§ What needs to be done
The records below are to be returned word for word, with pictures left out.

§ Data extracted from a collection
* * * * * * * * *

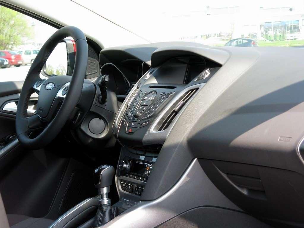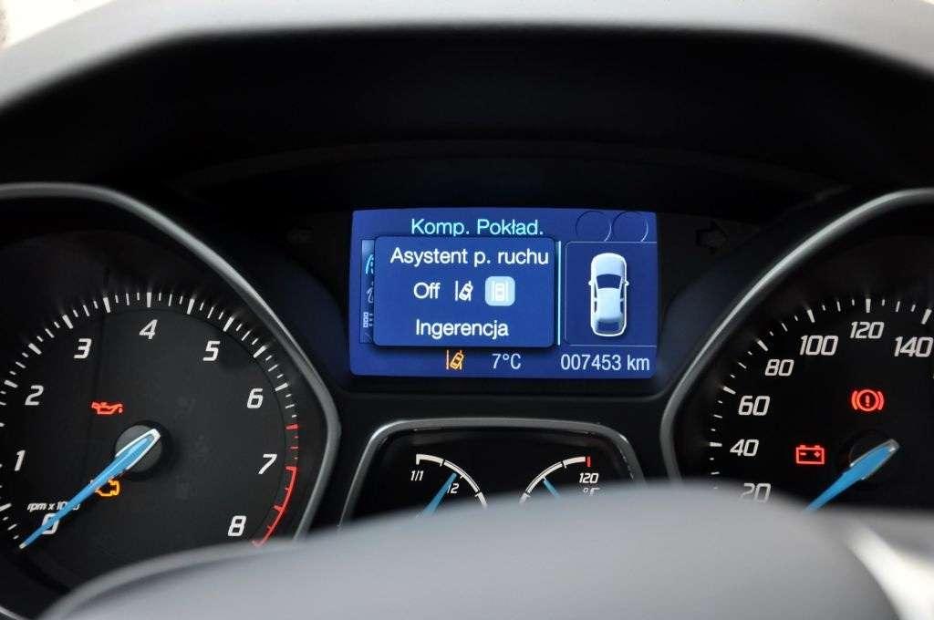 Jednych rzeczy nie widać – choćby stali o zwiększonej wytrzymałości, która w 55% buduje to auto. Inne można sobie za to dokupić – Focus niby ma być popularnym autem, ale część elementów jego wyposażenia do niedawna można było spotkać wyłącznie w autach, które są za drogie nawet dla Madonny. Tymczasem do 30km/h może czuwać system zatrzymujący wóz, gdy zostanie wykryte ryzyko kolizji. To jednak jeszcze nic – czujniki martwego pola w lusterkach można już spotkać u tanich marek, ale na system rozpoznający znaki drogowe łatwiej natknąć się we flagowych modelach Mercedesa, BMW czy Audi. Co prawda nie działa idealnie, a o ograniczeniu prędkości w mieście nie ostrzeże, bo oznaczenie terenu zabudowanego jest dla niego tak abstrakcyjne, jak dzieła Lucio Montany – ale przynajmniej można go mieć. W opcji jest nawet system kontroli pasa ruchu. Dzięki niemu Focus sam delikatnie koryguje swój tor jazdy, choć trzeba przyznać, że sam system jest dość wymagający i czasem gubi się nawet w przypadku wyraźnych oznaczeń na jezdni. Bezbłędnie działa za to asystent parkowania. Wystarczy go uruchomić, puścić kierownicę i ruszyć na podbój „zatoczek”, bo wóz automatycznie będzie w nie parkował – trzeba tylko wciskać „gaz” i „hamulec”. Co ciekawe – w kabinie mogą być też zamontowane czujniki, które wykrywają zmęczenie na twarzy kierowcy. Jeśli auto uzna, że coś jest nie tak, to włącza kontrolkę ostrzegawczą. Gdy kierowca dalej jedzie przed siebie na jawie – wtedy do akcji wkracza już sygnał dźwiękowy. Podgrzewanie przedniej szyby, monitorowanie ciśnienia w ogumieniu, czy automatycznie włączające się światła drogowe – to miłe i rzadkie dodatki, ale wobec zastosowanej technologii i tak wydają się być wynalazkami z Paleozoiku. Jednak co z tego można dostać w podstawowej wersji Forda?
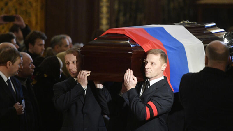 A funeral service was then held at Moscow's prestigious Cathedral of Christ the Saviour, presided over by the Russian Orthodox Church's highest-ranking clergyman, Patriarch Kirill.
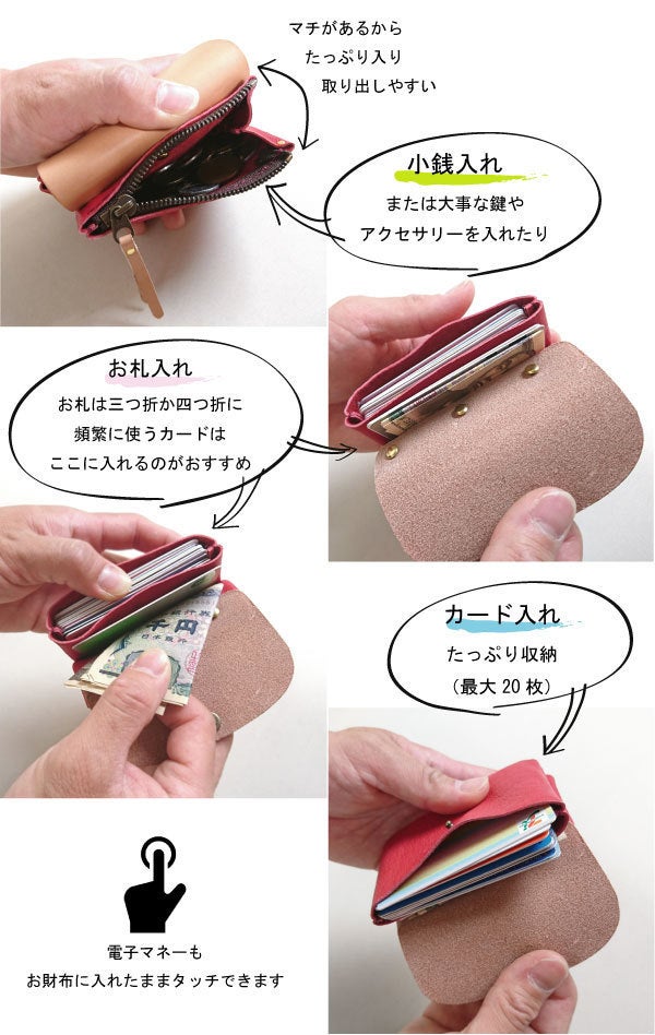 「財布としての機能、使いやすさや容量を減らしてまで財布を小さくする」というコンセプトではなく、バランスよく、必要なものは必要量入り、出来る限り小さく、出来る限り使いやすい財布。
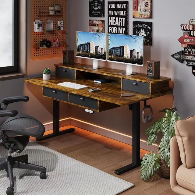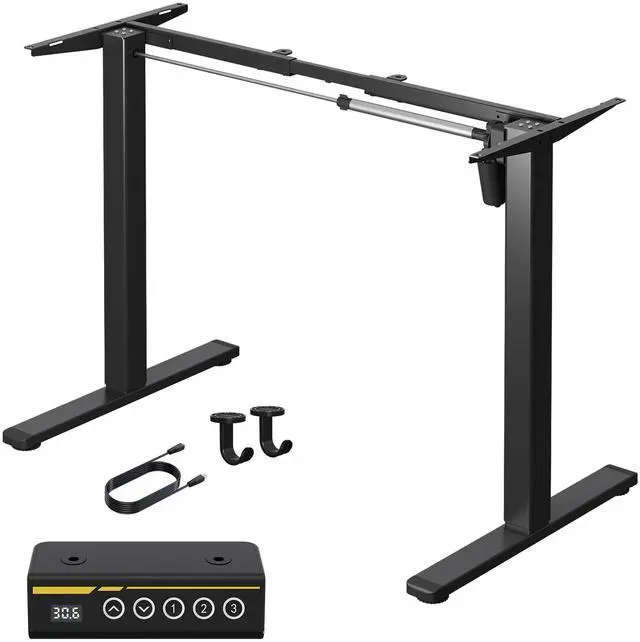 The legs are compatible with desktops 43.3 - 74.8 wide and 23.6 - 31.5 deep, offering maximum flexibility for DIY desk setups. ^^ Ergonomic Height AdjustmentThe height adjustable desk frame can be smoothly adjusted from 28.3 to 46.5 in height, allowing you to choose the perfect level for sitting or standing. 3+2 programmable preset buttons make it easy to transition between your favorite heights throughout the day. ^^ Easy InstallationThe electric standing desk frame includes detailed instructions and labeled hardware for hassle-free assembly. A cable management tray and 6 cable clips attach underneath your desktop to organize a power strip and cables, while 2 hooks can hold headphones or bags to keep your workspace clean and clutter-free.
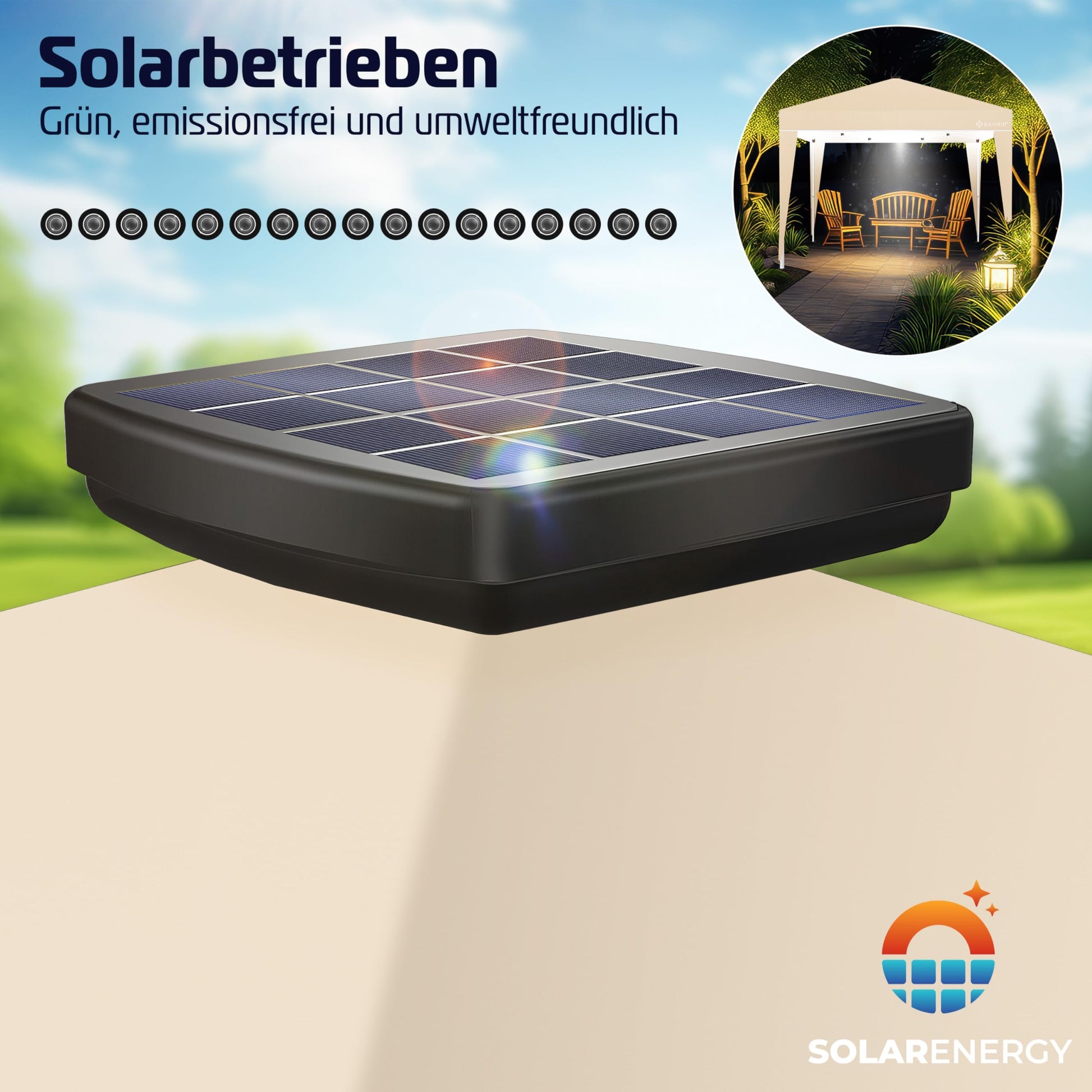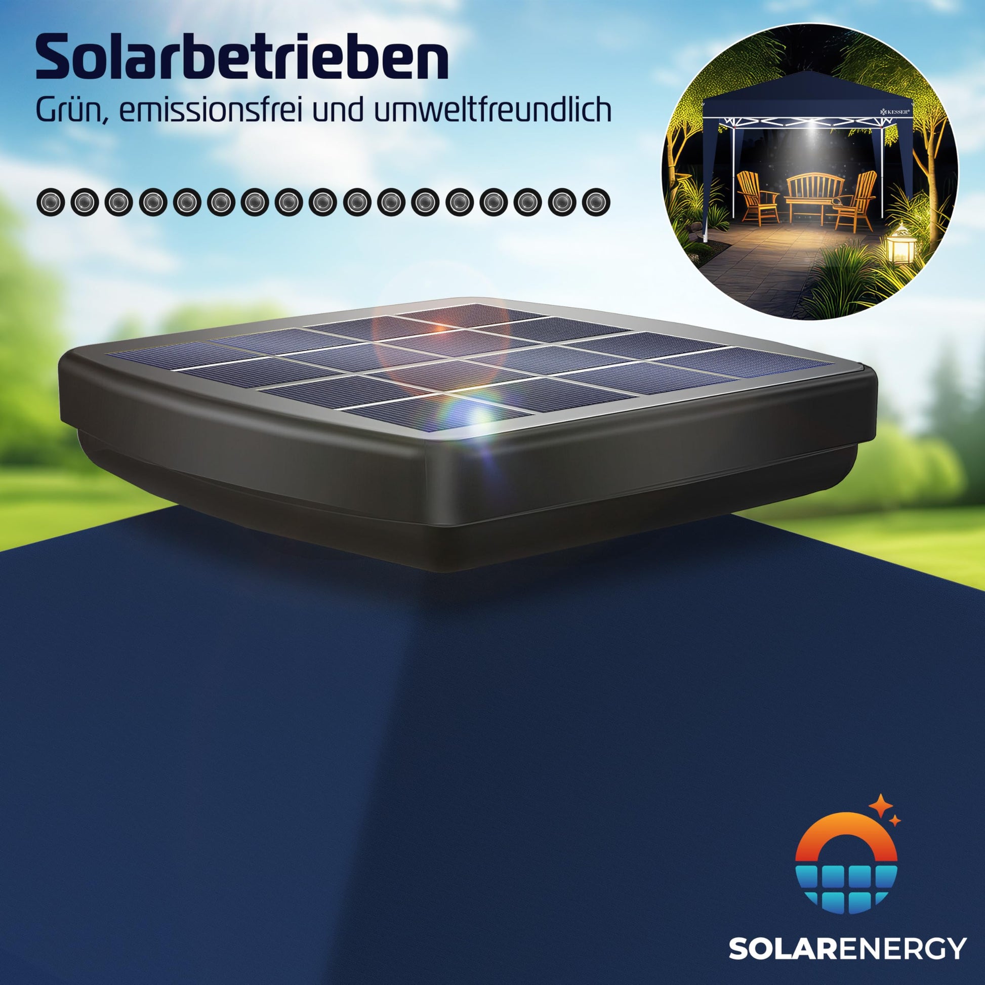 Ein herausragendes Merkmal dieses Pavillons ist das enthaltene Solarpanel. Insgesamt 17 LEDs bieten klare Sicht in den Abendstunden, sodass Ihre Veranstaltung auch bei Dunkelheit im besten Licht erstrahlt.
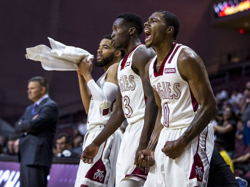 New Mexico State Aggies guard Keyon Jones (0), guard Sidy N'Dir (13) and guard Shunn Buchanan (1) cheer from the bench during the second half of a WAC quarterfinal game at the Orleans Arena on Thursday, March 8, 2018. New Mexico won 97-70. Patrick Connolly Las Vegas Review-Journal @PConnPie
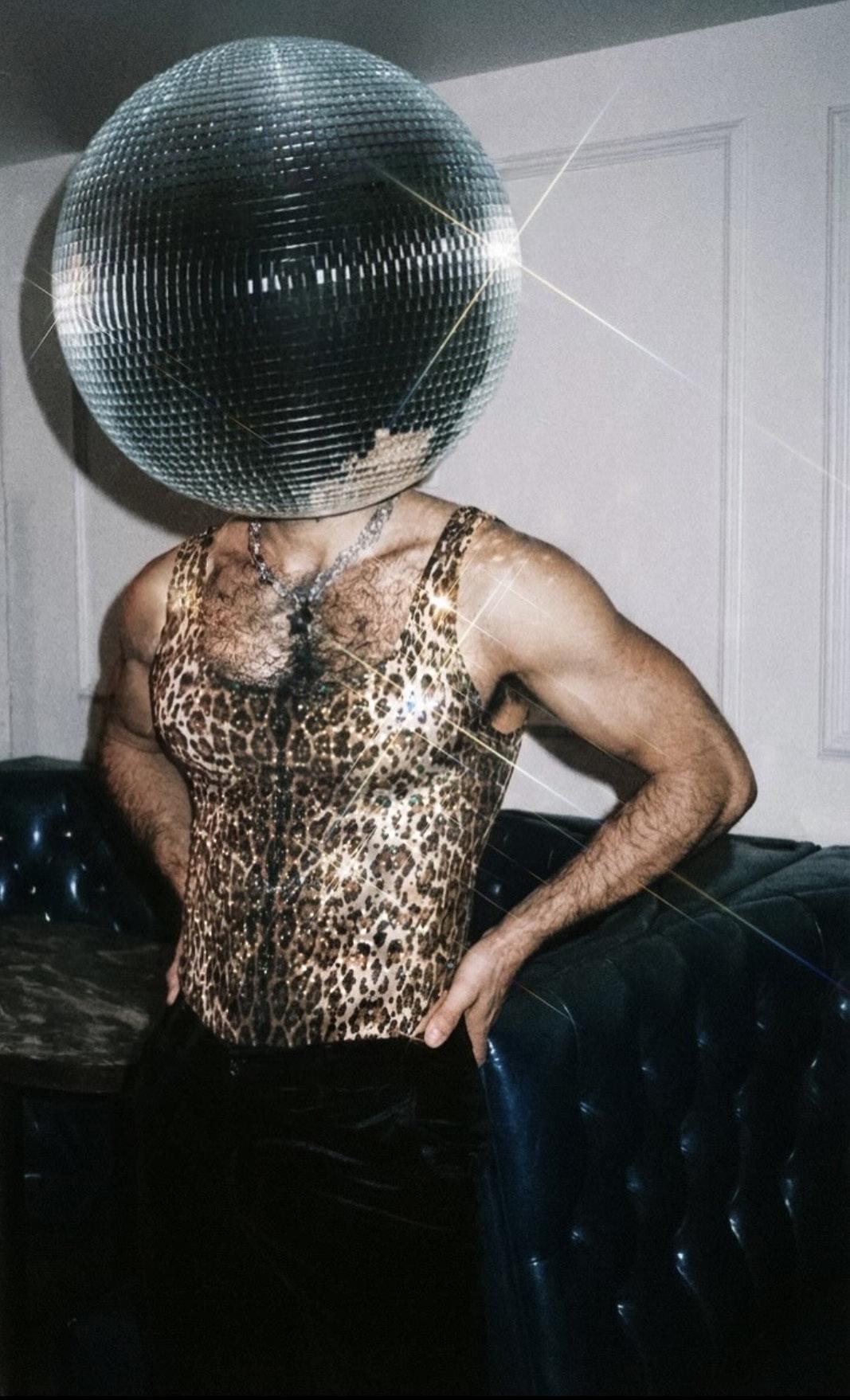I think this is a really fun image. Moving away form the explicit sexual narrative it has a fun party vibe to the image. A big part of queer life is partying, the disco ball over the head amplifies the anonymity of sexual encounters at parties.
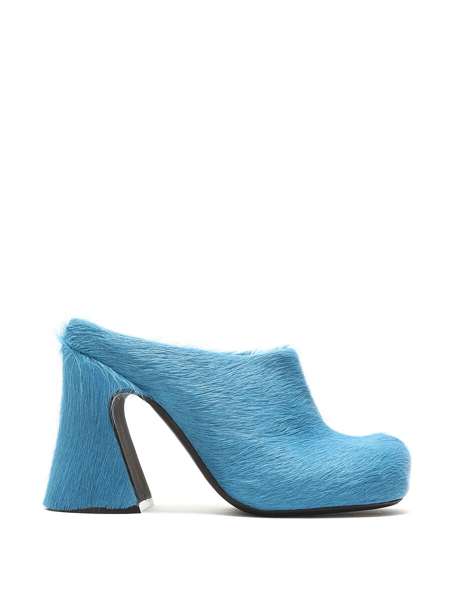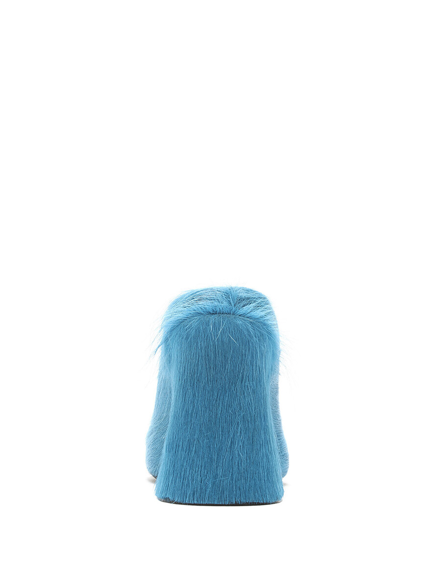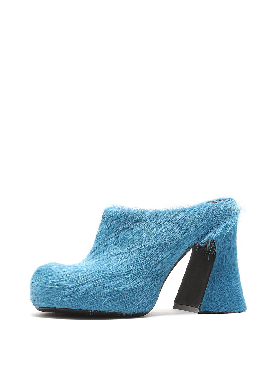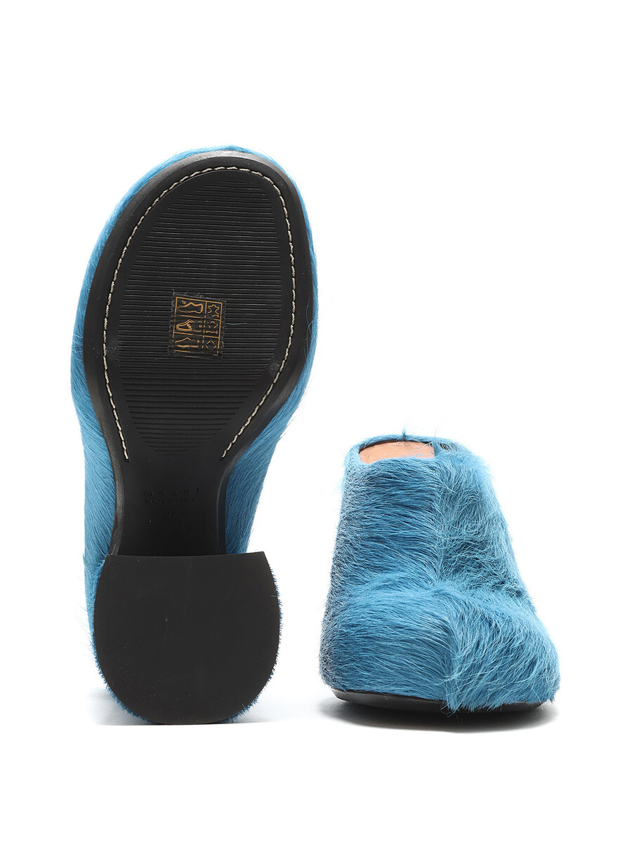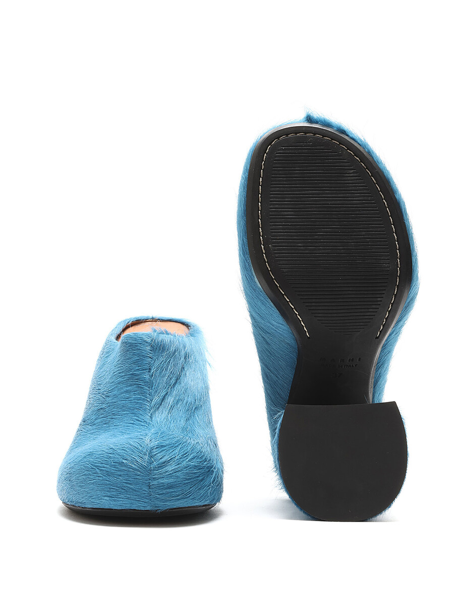 Mules en poil de veau avec détails texturés en bleu. Style à enfiler avec bout rond fermé. Semelle en caoutchouc robuste.

* * * * * * * * *

§ Task result
 Jednych rzeczy nie widać – choćby stali o zwiększonej wytrzymałości, która w 55% buduje to auto. Inne można sobie za to dokupić – Focus niby ma być popularnym autem, ale część elementów jego wyposażenia do niedawna można było spotkać wyłącznie w autach, które są za drogie nawet dla Madonny. Tymczasem do 30km/h może czuwać system zatrzymujący wóz, gdy zostanie wykryte ryzyko kolizji. To jednak jeszcze nic – czujniki martwego pola w lusterkach można już spotkać u tanich marek, ale na system rozpoznający znaki drogowe łatwiej natknąć się we flagowych modelach Mercedesa, BMW czy Audi. Co prawda nie działa idealnie, a o ograniczeniu prędkości w mieście nie ostrzeże, bo oznaczenie terenu zabudowanego jest dla niego tak abstrakcyjne, jak dzieła Lucio Montany – ale przynajmniej można go mieć. W opcji jest nawet system kontroli pasa ruchu. Dzięki niemu Focus sam delikatnie koryguje swój tor jazdy, choć trzeba przyznać, że sam system jest dość wymagający i czasem gubi się nawet w przypadku wyraźnych oznaczeń na jezdni. Bezbłędnie działa za to asystent parkowania. Wystarczy go uruchomić, puścić kierownicę i ruszyć na podbój „zatoczek”, bo wóz automatycznie będzie w nie parkował – trzeba tylko wciskać „gaz” i „hamulec”. Co ciekawe – w kabinie mogą być też zamontowane czujniki, które wykrywają zmęczenie na twarzy kierowcy. Jeśli auto uzna, że coś jest nie tak, to włącza kontrolkę ostrzegawczą. Gdy kierowca dalej jedzie przed siebie na jawie – wtedy do akcji wkracza już sygnał dźwiękowy. Podgrzewanie przedniej szyby, monitorowanie ciśnienia w ogumieniu, czy automatycznie włączające się światła drogowe – to miłe i rzadkie dodatki, ale wobec zastosowanej technologii i tak wydają się być wynalazkami z Paleozoiku. Jednak co z tego można dostać w podstawowej wersji Forda?
 A funeral service was then held at Moscow's prestigious Cathedral of Christ the Saviour, presided over by the Russian Orthodox Church's highest-ranking clergyman, Patriarch Kirill.
 「財布としての機能、使いやすさや容量を減らしてまで財布を小さくする」というコンセプトではなく、バランスよく、必要なものは必要量入り、出来る限り小さく、出来る限り使いやすい財布。
 The legs are compatible with desktops 43.3 - 74.8 wide and 23.6 - 31.5 deep, offering maximum flexibility for DIY desk setups. ^^ Ergonomic Height AdjustmentThe height adjustable desk frame can be smoothly adjusted from 28.3 to 46.5 in height, allowing you to choose the perfect level for sitting or standing. 3+2 programmable preset buttons make it easy to transition between your favorite heights throughout the day. ^^ Easy InstallationThe electric standing desk frame includes detailed instructions and labeled hardware for hassle-free assembly. A cable management tray and 6 cable clips attach underneath your desktop to organize a power strip and cables, while 2 hooks can hold headphones or bags to keep your workspace clean and clutter-free.
 Ein herausragendes Merkmal dieses Pavillons ist das enthaltene Solarpanel. Insgesamt 17 LEDs bieten klare Sicht in den Abendstunden, sodass Ihre Veranstaltung auch bei Dunkelheit im besten Licht erstrahlt.
 New Mexico State Aggies guard Keyon Jones (0), guard Sidy N'Dir (13) and guard Shunn Buchanan (1) cheer from the bench during the second half of a WAC quarterfinal game at the Orleans Arena on Thursday, March 8, 2018. New Mexico won 97-70. Patrick Connolly Las Vegas Review-Journal @PConnPie
I think this is a really fun image. Moving away form the explicit sexual narrative it has a fun party vibe to the image. A big part of queer life is partying, the disco ball over the head amplifies the anonymity of sexual encounters at parties.
 Mules en poil de veau avec détails texturés en bleu. Style à enfiler avec bout rond fermé. Semelle en caoutchouc robuste.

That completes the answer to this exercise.